Washington City D. C.

Oct. 14th/64

My dear Father

I received a very kind & affectionate letter from Uncle David yesterday enclosing me $100.00 from him & offering more as Mr Dehon was not in the City. He also wrote desiring me to come and stay with him as a prisoner if possible; he said he had received a letter from Mother which was “as a star in a cloudy night” & the only letter received from any of the family in over three years. he himself is in very feeble health & walks with difficulty with the help of a stick but all of his family are well. Mr Dehon is also in very bad health & consequently spends but little of his time in Boston but is expected there every day. Uncle David’s address in No 40 State St Boston Mass.

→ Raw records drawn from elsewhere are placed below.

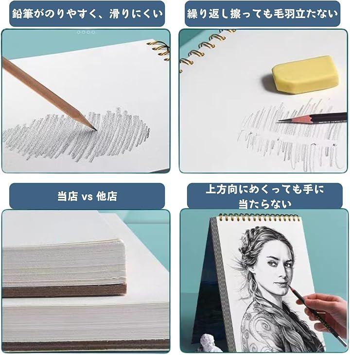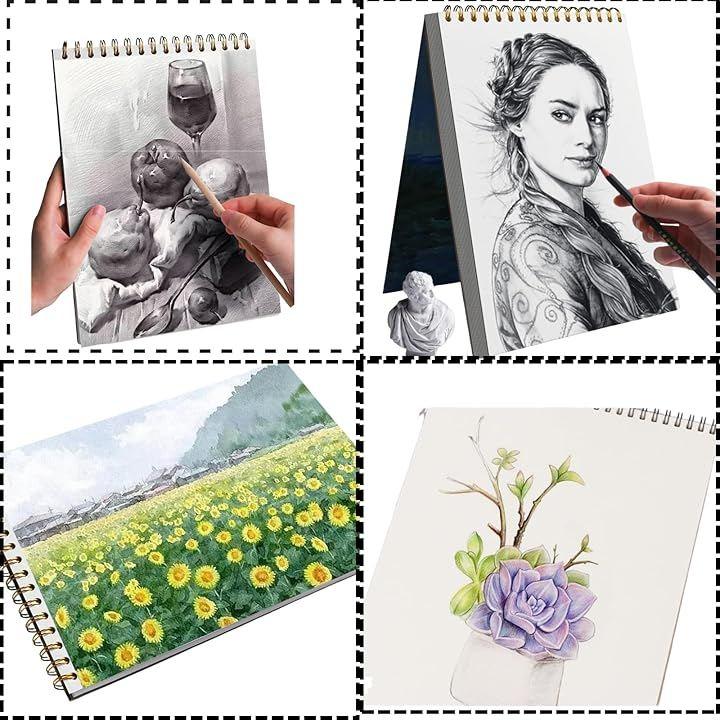 「スケッチや水彩画やお絵描きにも最適」スケッチブックの白い画用紙は、どんな色彩でも鮮やかに映えるため、アイデアを自由に表現できます。
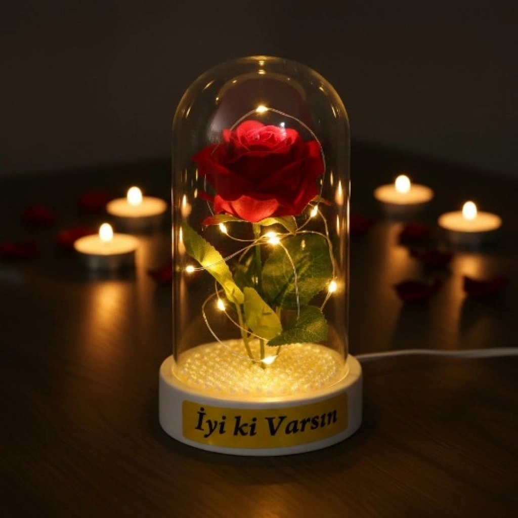 İNCİLİ LEDLİ GÜL FANUSÜrün Özellikleriİncili ledli gül fanus, zarif detayları ve sıcak ışık etkisiyle yaşam alanlarına romantik bir ambiyans kazandıran dekoratif bir üründür. Şeffaf fanus içerisinde yer alan tekli yapay gül, taban kısmındaki inci detaylarıyla estetik bir bütünlük sunar. Sahip olduğu gün ışığı LED aydınlatma sayesinde yumuşak ve huzur verici bir ışık yayarak masa, komodin ve raf üzerinde şık bir görünüm oluşturur. Kompakt ölçüsüyle yer kaplamadan kullanılabilen bu model, özel günlerde romantik dekoratif fanus arayanlar için ideal bir tercihtir. Model seçimi yapılamayan ürün, görsellerde yer alan tasarımlardan biri olacak şekilde karışık model gönderimi yapılmaktadır. Özellik Açıklama Ürün Adı İncili Ledli Gül Fanus Boyut 10 x 18 cm Aydınlatma Gün ışığı LED Tasarım Şeffaf fanus, tekli gül Detay Taban kısmında inci süsleme Model Karışık gönderilir Kullanım Alanı Masa, komodin, raf Kullanım Amacı Dekoratif ve hediyelik Paket İçeriği1 adet incili ledli gül fanus
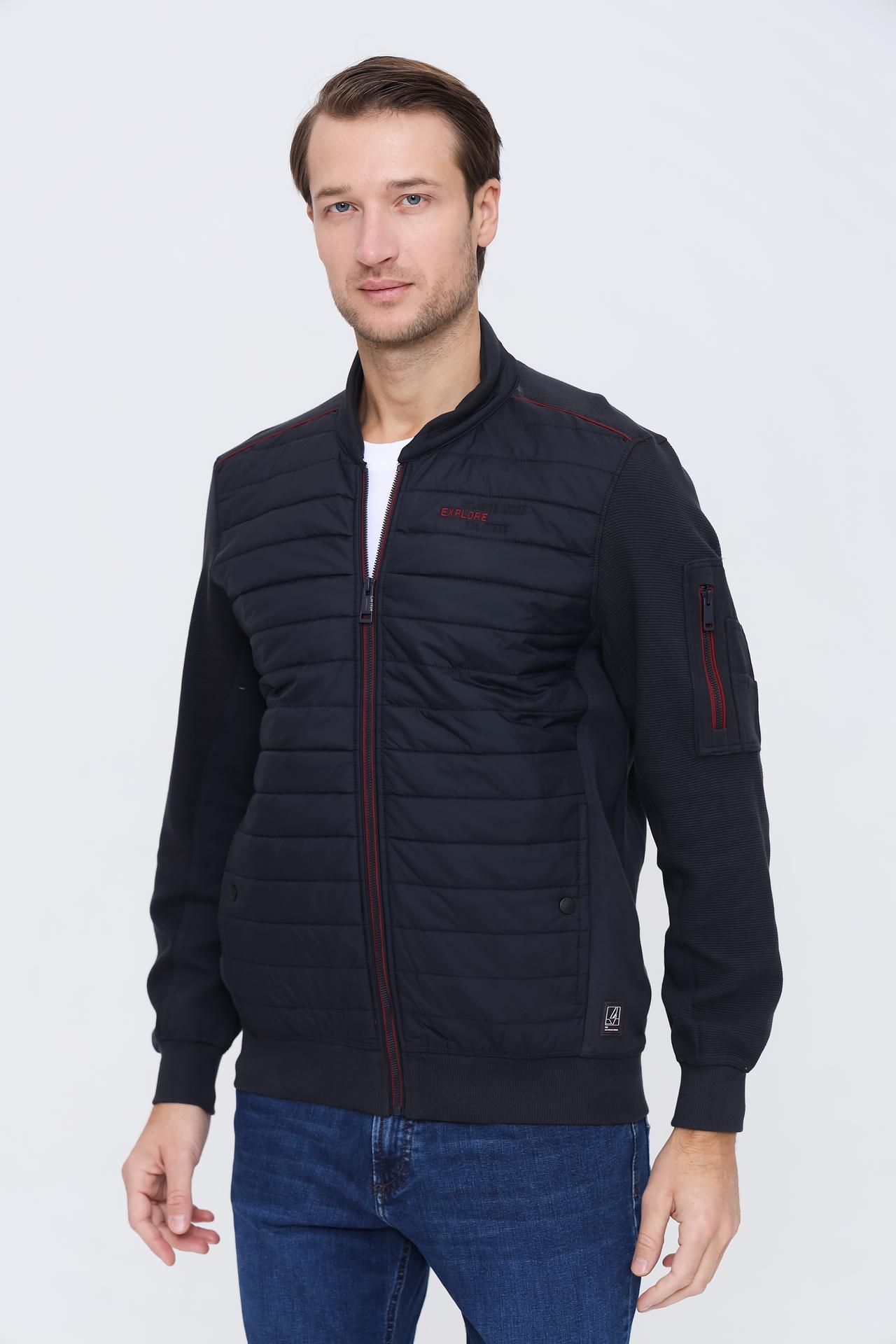 - Дизайн: Современный бомбер с контрастной отделкой вдоль молнии и на плечах добавляет образу динамичности. Стеганая передняя часть и трикотажные рукава и спинка создают интересный текстурный контраст.
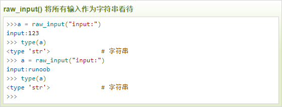 raw_input() 将所有输入作为字符串看待,返回字符串类型。
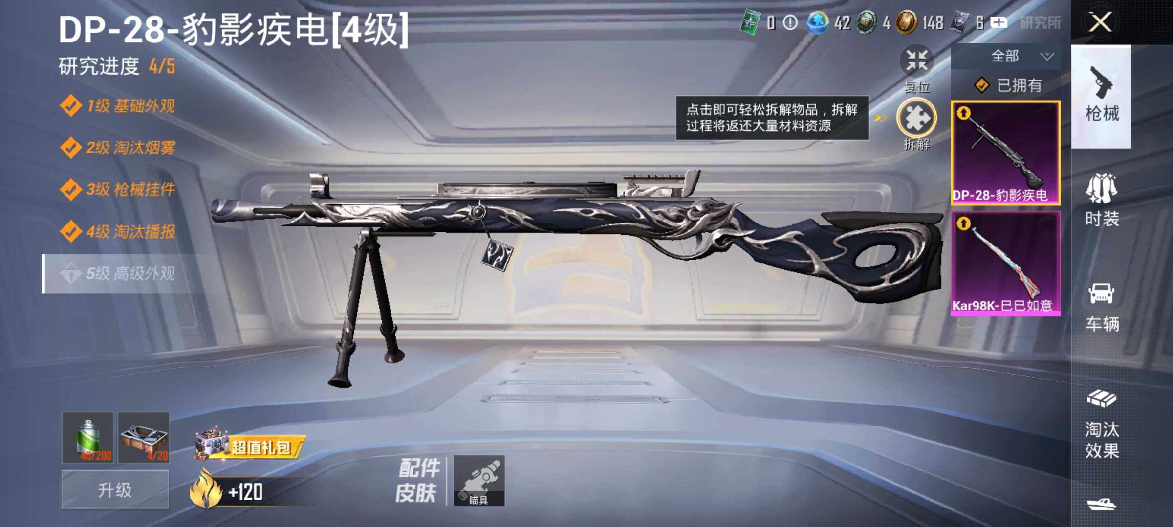 25套装/枪械2/装备42/战备31/热力值8280/二级Kar98K-巳巳如
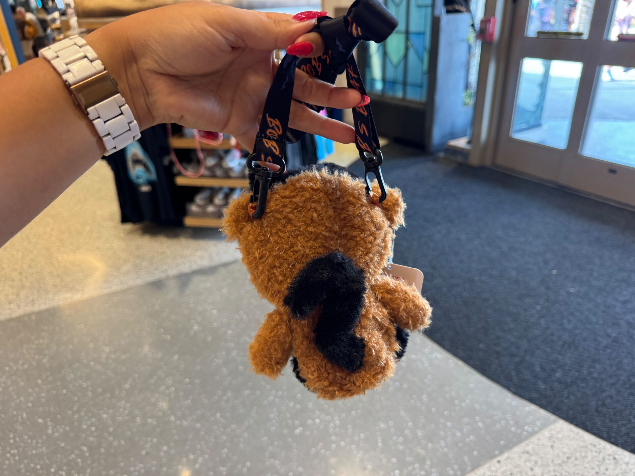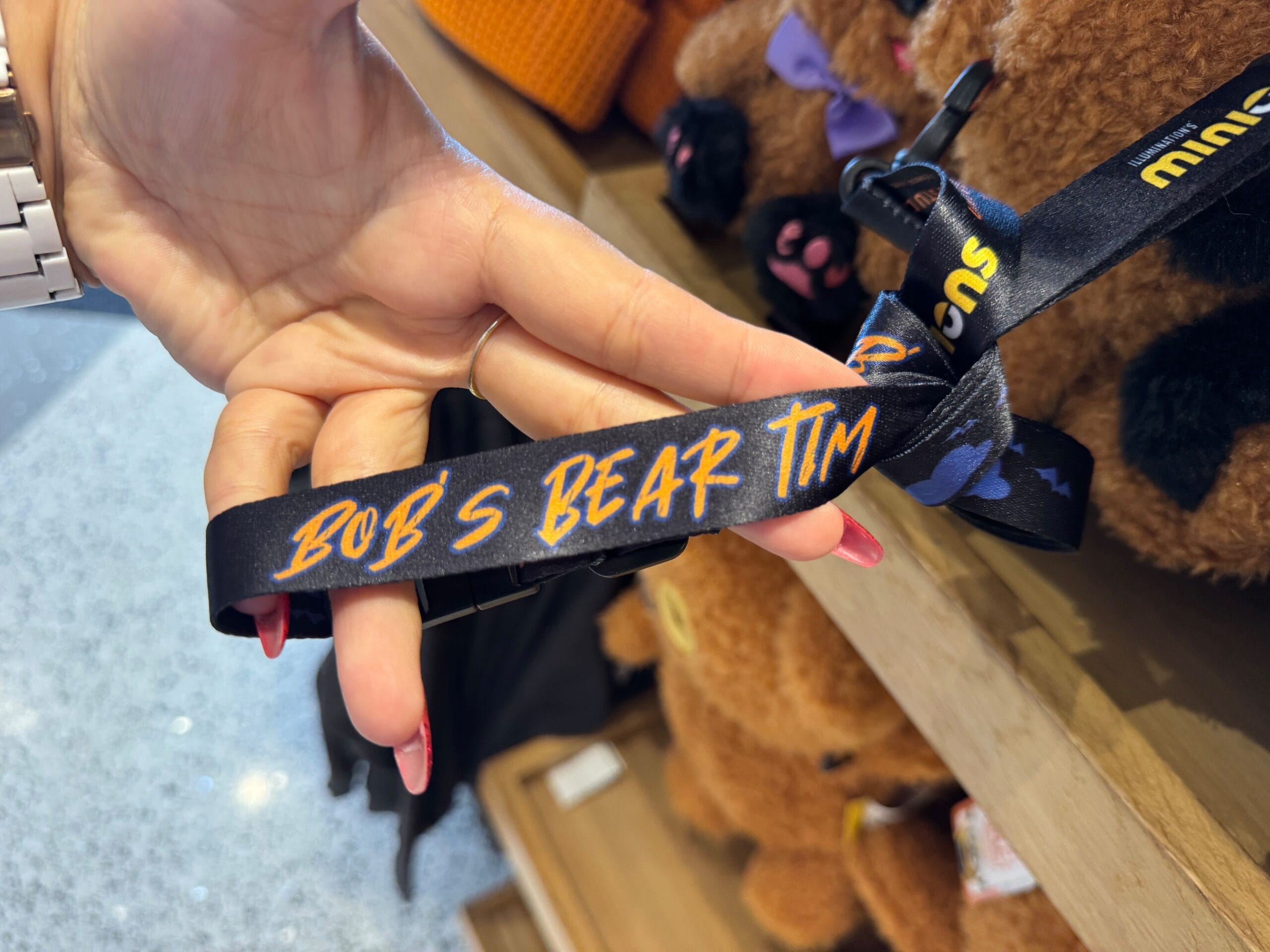 The plush toy is attached to a lanyard for easy wearing. It’s black and reads, “Bob’s Bear Tim” in orange font. The opposite side also has the classic yellow Minions wordmark.

Mr Sumner he writes has been dead about three years. With the help of the $100.00 I will get along very well. I wrote asking Mr Dehon to get me a pr of pants jacket & vest of grey cloth which will make me quite comfortable. The only drawback or want experienced is books but I think I may buy some. I have sent for Shakespears works pocket edition.  I am in hopes of hearing at any day from home. Never forget to write particularly how is the health of those at home & the Devereux family.  I am in very good health & only very anxious to get exchanged. Write frequently and address your letter to Capt W. H. Hatch Asst Agent of Exchange War Department Richmond Va or to Col Ould & they will be sent here. Write if my horses trunks & Pompey got home safely. My best love to all dear Father.

Your most affet Son

  1. H. S. Burgwyn Capt & A.A. Genls

Clingman’s Brigade

 

Source: WHS Burgwyn Papers, State Archives of North Carolina as found on www.ncecho.org

Boston

Oct 11.1864

Capt W. H. S. Burgwyn

A.A.G. Genl  Clingman’s Brigade

Old Capitol Prison

Washington, D.C.

My dear nephew

Last evening I received yours of 6th inst informing me of your captivity & destitute condition. At the earliest moment this morning I sought Mr. Debow, who is absent. I am sorry I cannot come to you in person, but I am a cripple, barely able to totter about with help of a stick. I however enclose five twenty dollar U S treasury notes, & send them by what I believe to be a safe & speedy conveyance, hoping they may ameliorate your condition till you can hear from Mr. Debow. You do not say that you are hurt & I trust therefore that you are uninjured. Mr. Debow is expected home daily, and as soon as he arrives I will inform him of your situation. His health is not good & he is absent a great deal on that account.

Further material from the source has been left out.